I have one of these, made by a different manufacturer. It has a screw adjustment, so it works on any thickness of wood, self centering. I think I got it from Grizzly. I use mine all the time for drilling peg holes in the sides of table tops. Great little tool.


----------



## GaryK

Great review. I'll have to look into one of these.


----------



## JohnGray

Thanks for the post! Your grandson should be happy as the wood is beautiful, couldn't buy one that nice at the store.


----------



## rikkor

DowelMax is near the top of my "must have" list.


----------



## Phildo92027

I have both a horizontal boring machine and the DowelMAX. If I have to dowel 1/4 or 3/8" material my FIRST choice is the DowelMAX. The accuracy and repeatability of the tool is "spot on". The is the only choice for a home workshop doweling solution. Not cheap, but worth it!! I have made additional spacers to allow for various setbacks from the edge as well as flush.


----------



## cajunpen

Nice review Lee. I seem to recall MsDebbie singing the praises of the Dowel Max as well. I guess I'll to put it back on the front burner and give it another look. Something about M&T joints just scare me. Dowel Max might be my best bet.


----------



## tonycarver

When my Dowel Max came I was too impatient to read the printed instructions. I relied on my memory of the internet demo. I drill 5 holes in each piece, inserted the dowels and squeezed all together by hand. It was flush all around! There was no need for the dead blow hammer. I built a work bench with it. Ten dowels per joint, 4 joints per leg set. These 40 dowels all lined up. As with a joints, your lumbers must be jointed and cut square. I'm now working on a cabinet for the bench.


----------



## brunob

I have a DowelMax. Love it.


----------



## MsDebbieP

not sure what the thickness issue is. You can adjust the tool in so many different ways.


----------



## Sawdust2

MsDebbieP it could be that we have used it so little we have yet to discover all that it can do.

Lee


----------



## motthunter

nice review. I also hear that they are great.


----------



## diggrduggr

Now that I have had my Dmax for a couple of months and put it thru some of its paces on several projects and the verdict is that this is a tool that lives up to its advertised capabilities. when used as instructed the dowels match up perfectly each and every time, the times that it doesn't will always be a 'duuuuh' moment. The precision of fabrication and the quality of the metals is top notch. The learning curve is almost none existent as the DVD and book are very easy to comprehend and follow even for a 'learning' challenged person such as myself.

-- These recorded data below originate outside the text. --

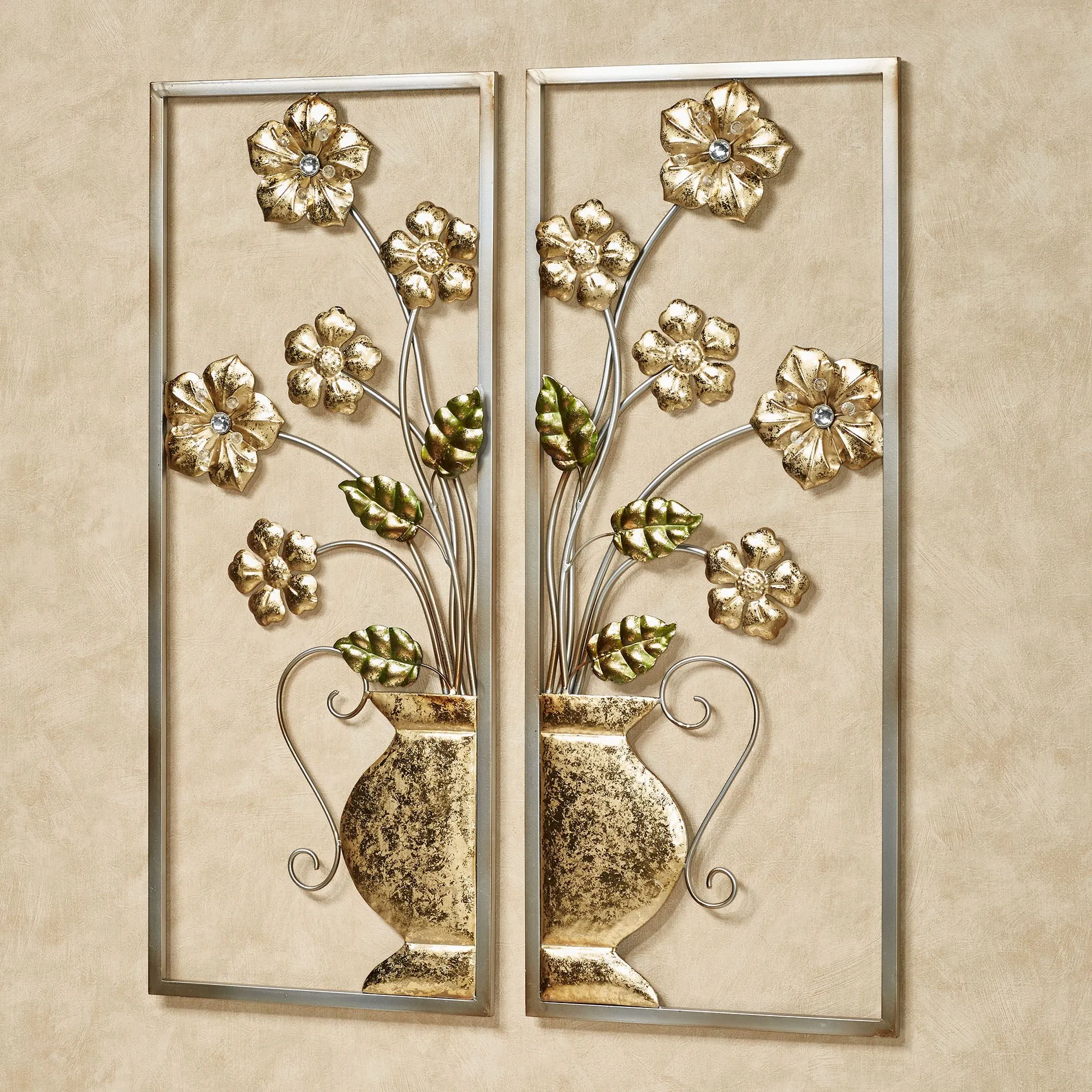 Flowers and shaped leaves artfully bloom on the Maelynn Floral Wall Art Set. This openwork metal wall art has a gold foil finish and features silver branches, gold blossoms, and green leaves. Some flowers have acrylic gems in the center. Each floral wall art panel is 14"Wx2"Dx34"H.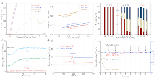 非对称性Ni–O–Ti位点在1.30 VRHE电位下即可实现10 mA cm–2尿素氧化电流密度。更重要的是,该电极尿素氧化的N2选择性高达99%,几乎不产生氰酸盐和(亚)硝酸盐有害产物,在长达10天的运行过程中始终保持出色的尿素氧化活性和N2选择性。含15N同位素的尿素氧化实验表明,生成的N2来自单个尿素分子内的N–N偶联。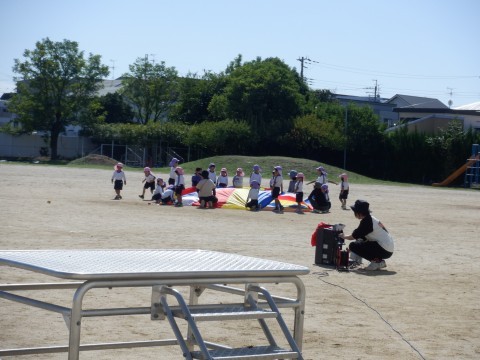 今日は気持ちのよい秋晴れです。今日は白鷺幼稚園の園児が給食時間中に校区運動会の練習に来てくれました。きれいなバルーンをみんなで上げていました。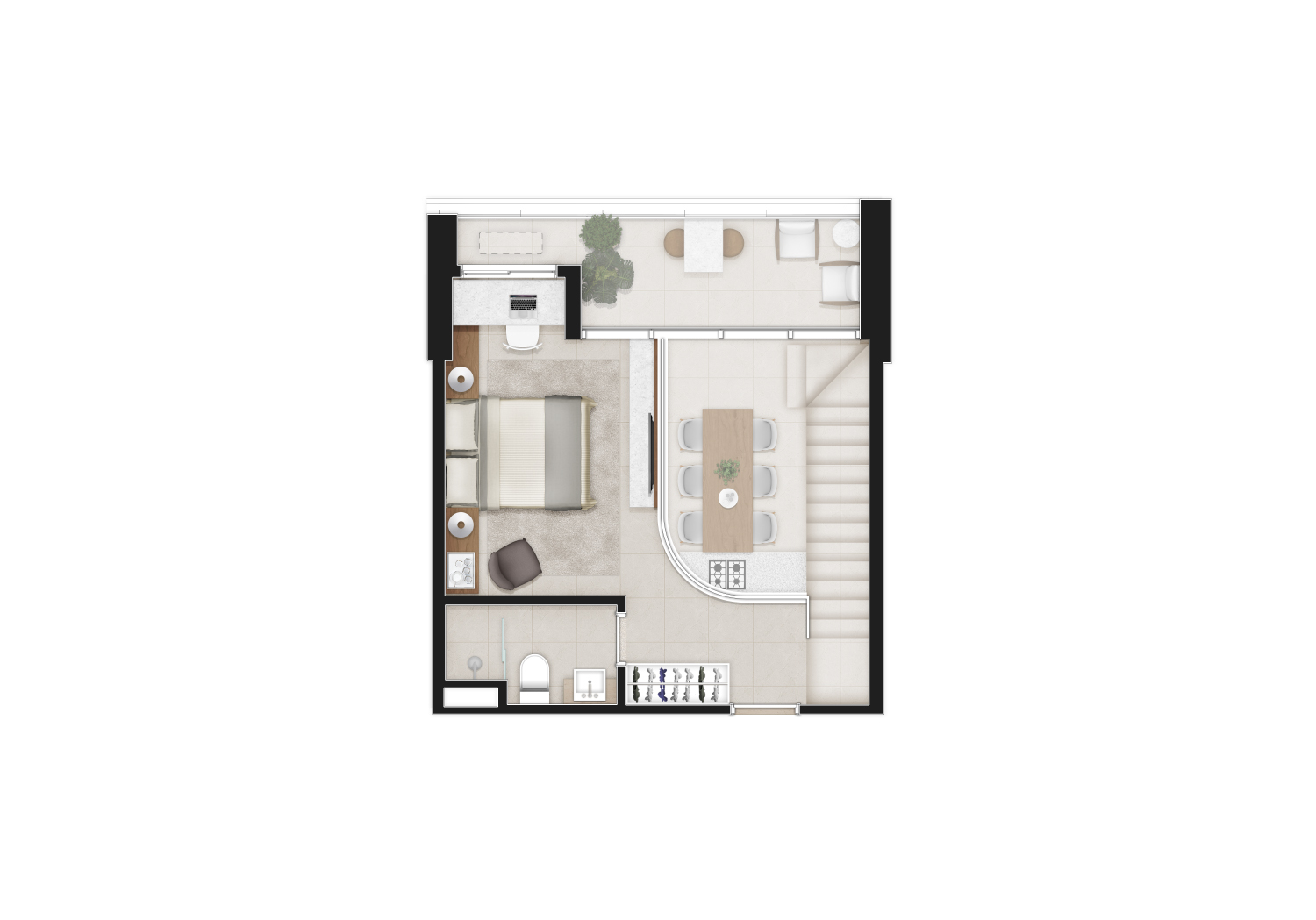LOFT DUPLEX PAVIMENTO SUPERIOR : 60m² – 1 suíte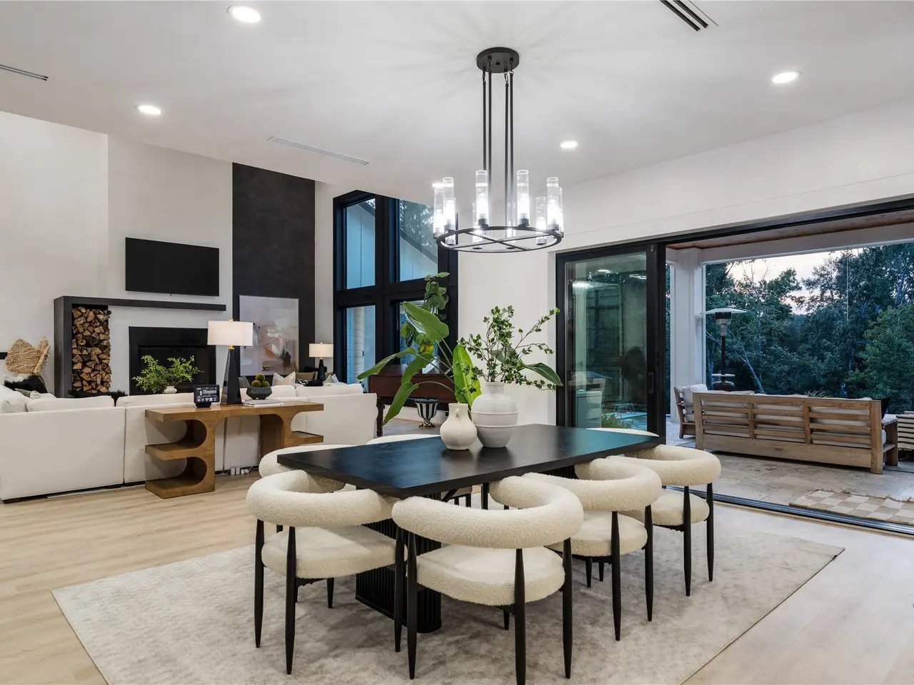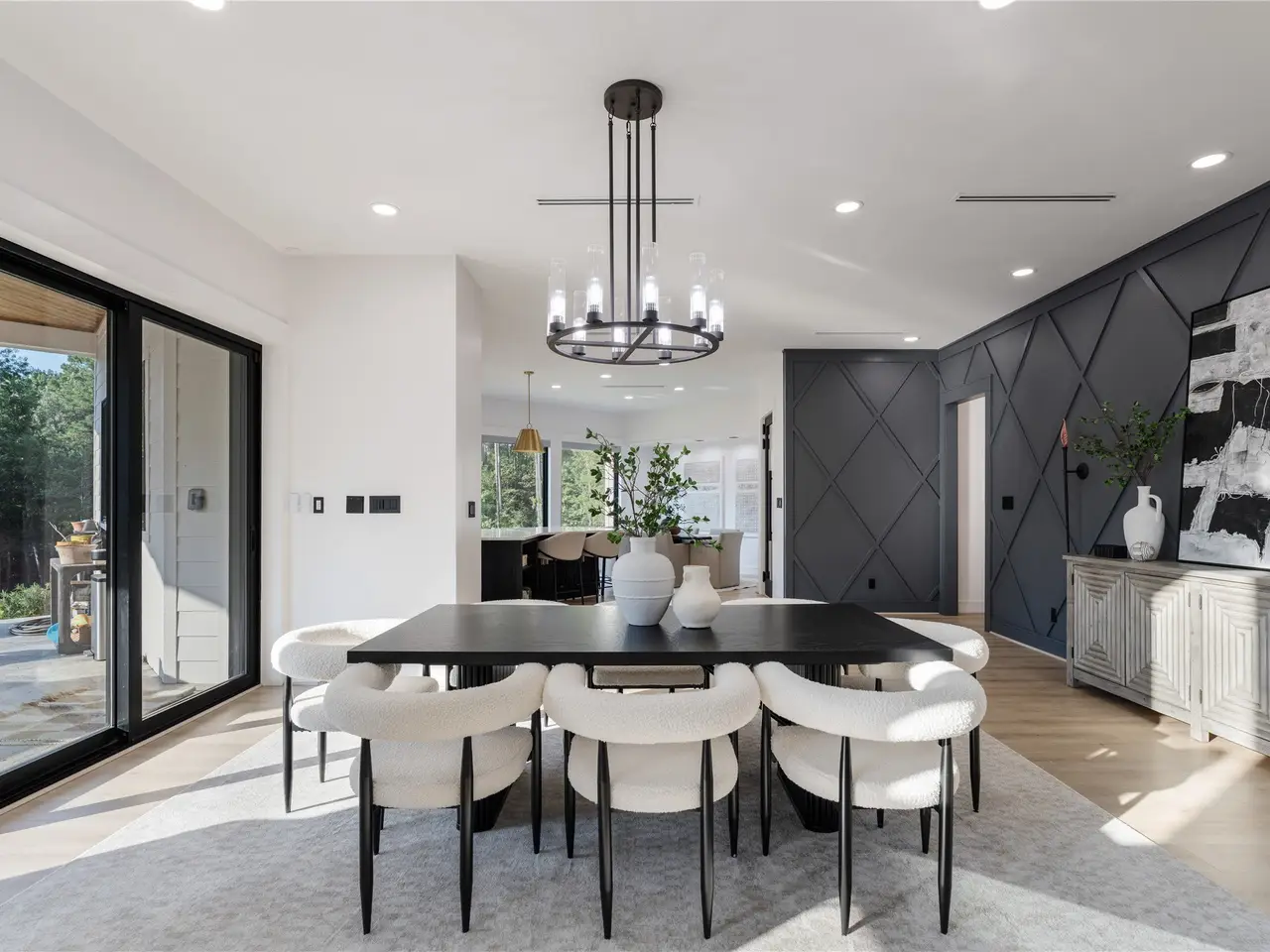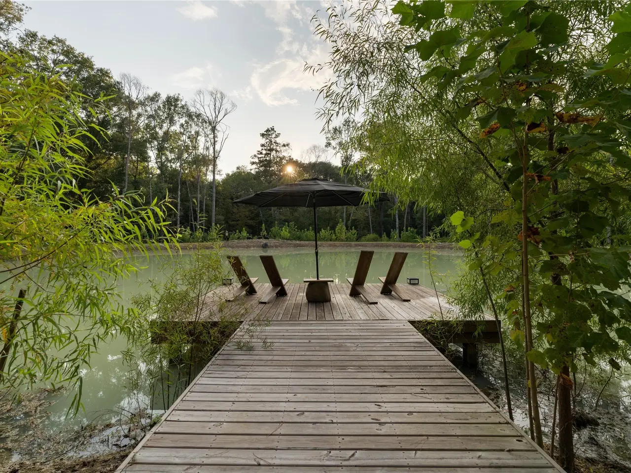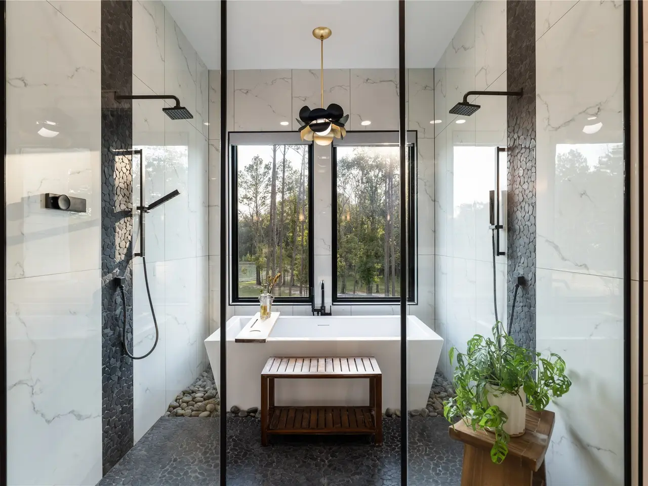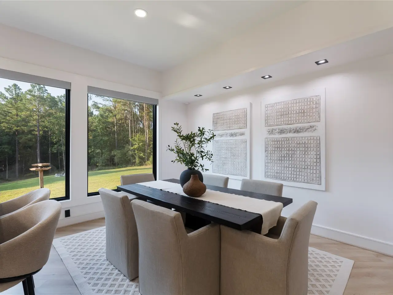 Step into a world of refined luxury, natural beauty, and architectural brilliance on 6.2 private, wooded acres. This custom estate welcomes you with an 11-ft glass pivot door, a dramatic chandelier, and soaring 26-ft ceilings. Floor-to-ceiling windows blur the line between indoors and out, offering breathtaking treetop views. The chef’s kitchen is a masterpiece—quartz countertops, Café commercial appliances, and a full butler’s pantry with ice maker and beverage fridge. The primary suite is your personal sanctuary, featuring a fireplace, a private wellness center, and disappearing glass doors that open to an infinity-edge pool. A sleek glass-partitioned office balances modern design with serenity. Enjoy a stocked pond, media room, two utility rooms, smart home technology, and a lighted custom staircase. Gas appliances, two private wells, and a whole-home water filtration system complete this extraordinary retreat. Every detail speaks luxury. Every moment feels like escape.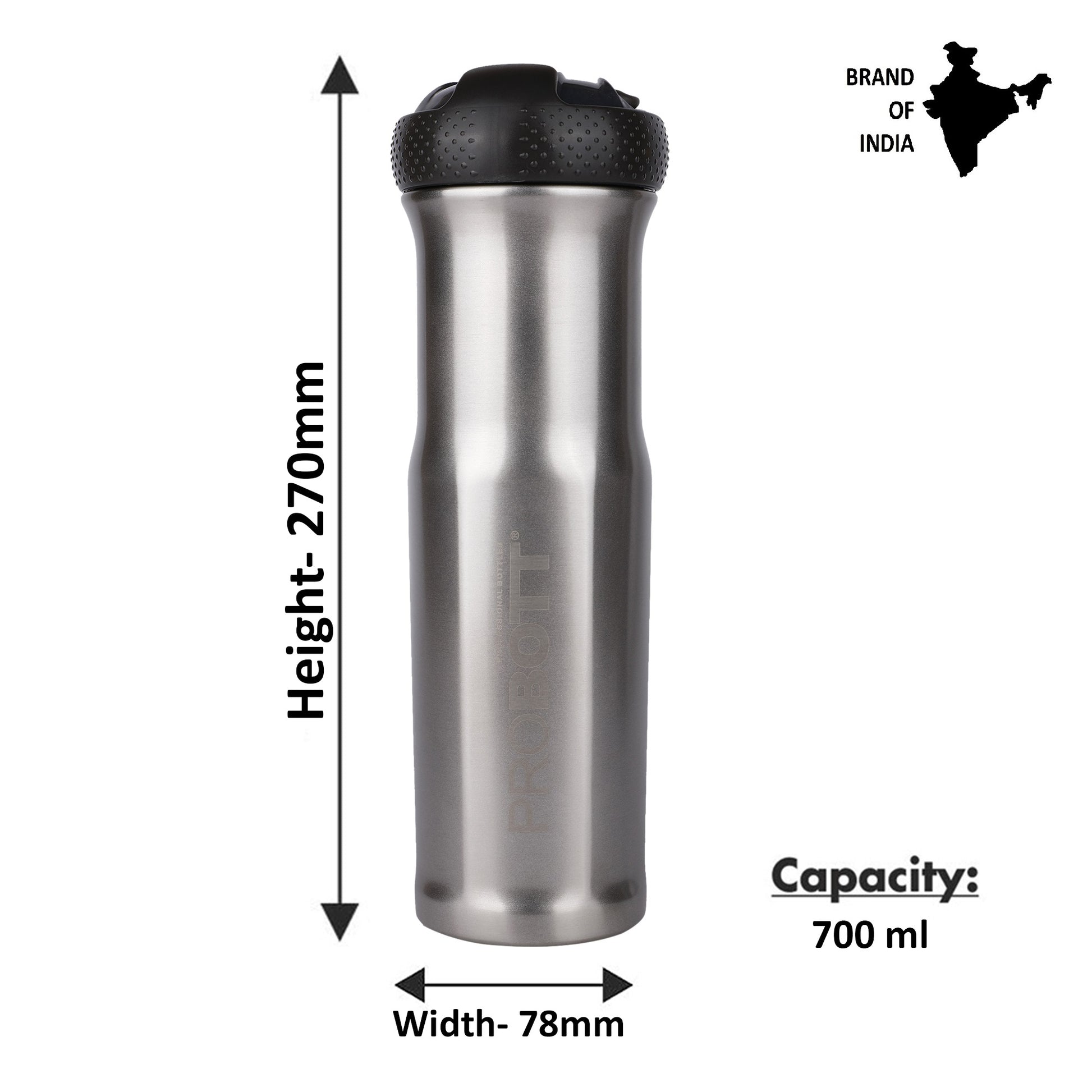 Probott Status 700ml Stainless Steel Water Bottle, Vacuum Insulated Flask Bottles, Brown | Hot and Cold | Easy to Carry | Leak Proof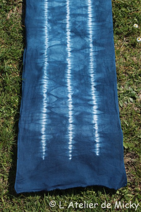 I’m still not good at making tight knots, my folds were not tight enough and so I was scared to move my piece too much in the bath… The dye penetration in between was therefore not really good, the result is not clear enough for my taste. I’ll have to work on that! It’s not ugly, but not beautiful either in my opinion…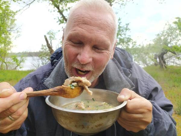 Під час моїх експедицій, крім власних кулінарних «алхімічних» творінь, не обходилося без випробування місцевих рибних страв, у яких змішувалися різні компоненти та поєднувалися різні смаки. Зрозуміло, крім дегустації, переймалися і рецептурні родзинки приготування рибних «мішанок».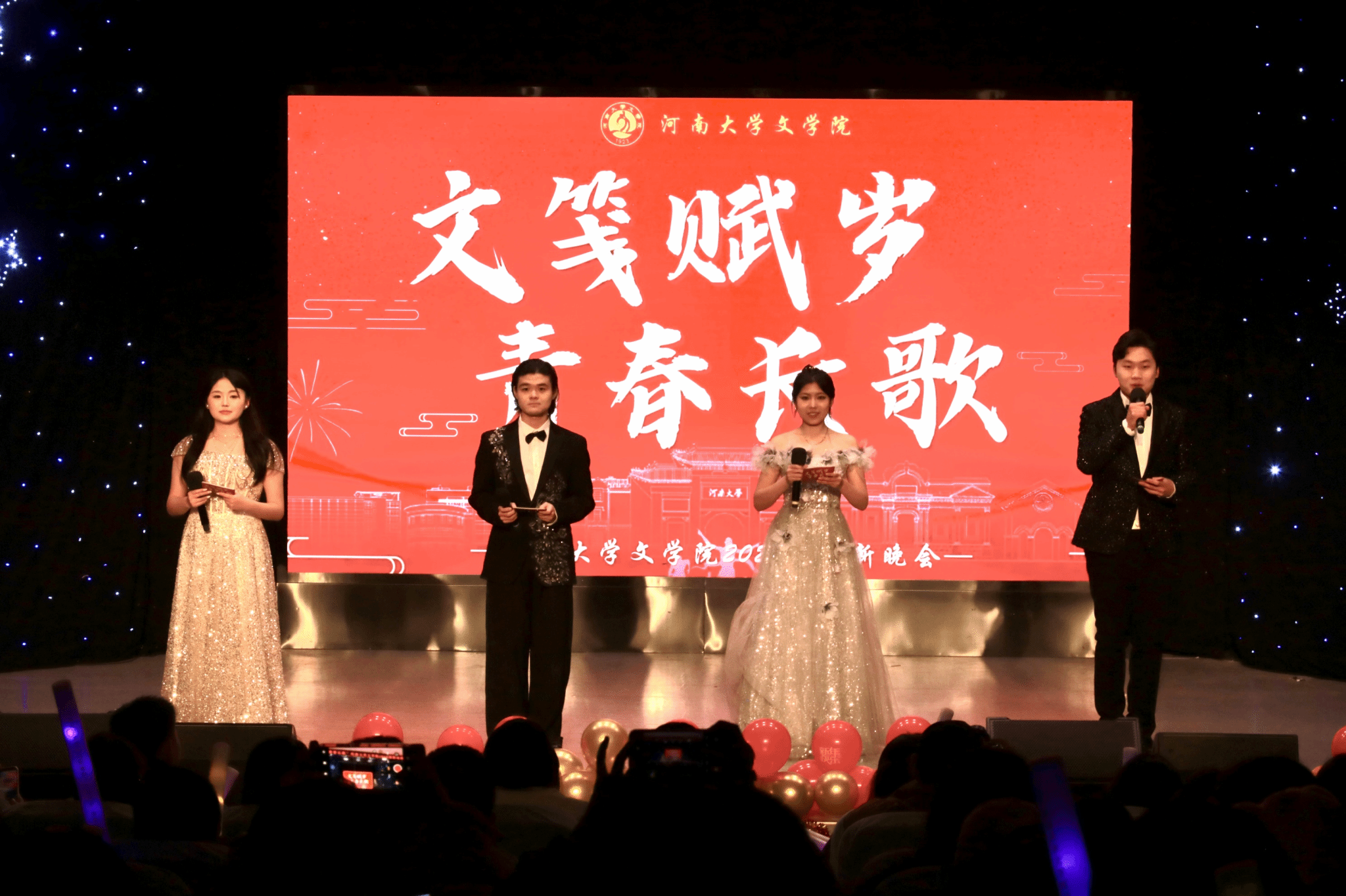 笔绘新章,歌叙青春。12月18日晚,文学院在明伦校区科技馆二楼报告厅举办2026“文笺赋岁,青春长歌”迎新晚会。文学院领导班子、师生及兄弟院系师生代表齐聚现场,晚会由文学院本科生周津竹、张航齐、李卓玮、李宸锐主持。活动现场座无虚席,欢笑声与掌声交织。
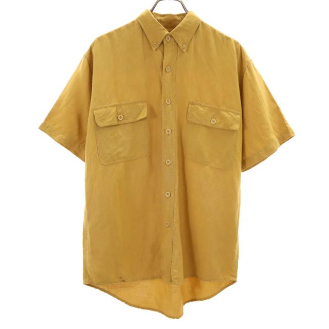 UNIQLO ユニクロ リネンブレンド 半袖 ボタンダウンシャツ M 黄土色 メンズ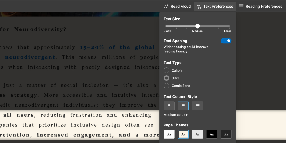 - Adaptive typography: providing accessible reading options (spacing, weight, specific fonts) that adjust without breaking the page layout.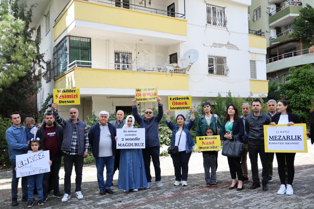 Rapor sonuçlarını istinafa taşıdığını ifade eden Avukat Nazan Akça Subaşı, "Bu binaya Çevre, Şehircilik İl Müdürlüğü tarafından 2 defa 'orta hasarlı' raporu verildi. Tam yıkım işlemleri başlanılacakken binada bulunan medikal firması dava açtı. Adana 2. İdare Mahkemesi yeniden rapor istedi ve o raporda 'az hasarlı' verildiği için binanın yıkımı durduruldu. Biz de bunun üzerine yeniden tespit yaptırdık ve binada korozyonların başladığı, her an yıkılma tehlikesi var denilerek yeniden 'orta hasarlı' raporu alıp karara itiraz ettik. Şu anda istinaftan sonuç bekliyoruz. Bu kadar insanı kimse bu mezarlığa hapsetmesin" diye konuştu.

It even works in a 'freehand' mode, I used it to place a pivoting dowel in a round knoib for a rotating spice cabinet latch and it worked perfectly after doing a little rasping on the dowel to give it free movement in the hole. It has also been used for a 'thru dowel' allowing the dowel ends to show and creating an exposed dowel. I have shipped in some cherry, oak and walnut doweling that is used in these applications and use this as a filler plug on top of the 'real' dowel to give the desired look.

A couple of things to know, the bit will clog up rather easily and it may take 2 or 3 passes to get to the correct depth. Take time to adjust the hole depths (via the drill bit collar) especially when drilling thru the thickness of a board of 1 inch or less.

The 1/4" dowelling system is well worth the money and allows for some much thinner board applications.

All in all I would definitely buy this tool again and only regret that quality and accurately sized dowels are hard to find in Thailand so I have purchased a LN dowel plate to fine tune the 'iffy' dowels purchased here.

It has made assembly a breeze and is definitely a tool that will live beyond my years on the planet. It has gained my respect and I even designed and built a box to house all the various parts (can be viewed in my home page projects)


----------



## johnzo

Have had my DM for about 6 months and have to say it is actually worth the steep price. You get what you pay for! I bought a hollow chisel mortise machine a few months earlier, and since getting the Dowelmax, it's gathering dust. The DM is so much faster, easier and more accurate. Absolutely No Contest! You absolutely NEED to buy one of these!
John Z


----------



## logndog

I just bought one of these…the basic kit. Im wondering WHY doies the wood have to be in 1/4" increments as stated here? Many times i dont measure how thich my wood turns out…i just joint, plane rip then plane down or resaw to whatever seems good… it could be off any 1/4" ..by as much as nearly 1/4" Wont dowelmax work for ANY thickness? is it just that the holes may not be "perfectly centred" ? if thats all, then i dont mind. At all. the joint is going to be strong anyway. Thanks!!


----------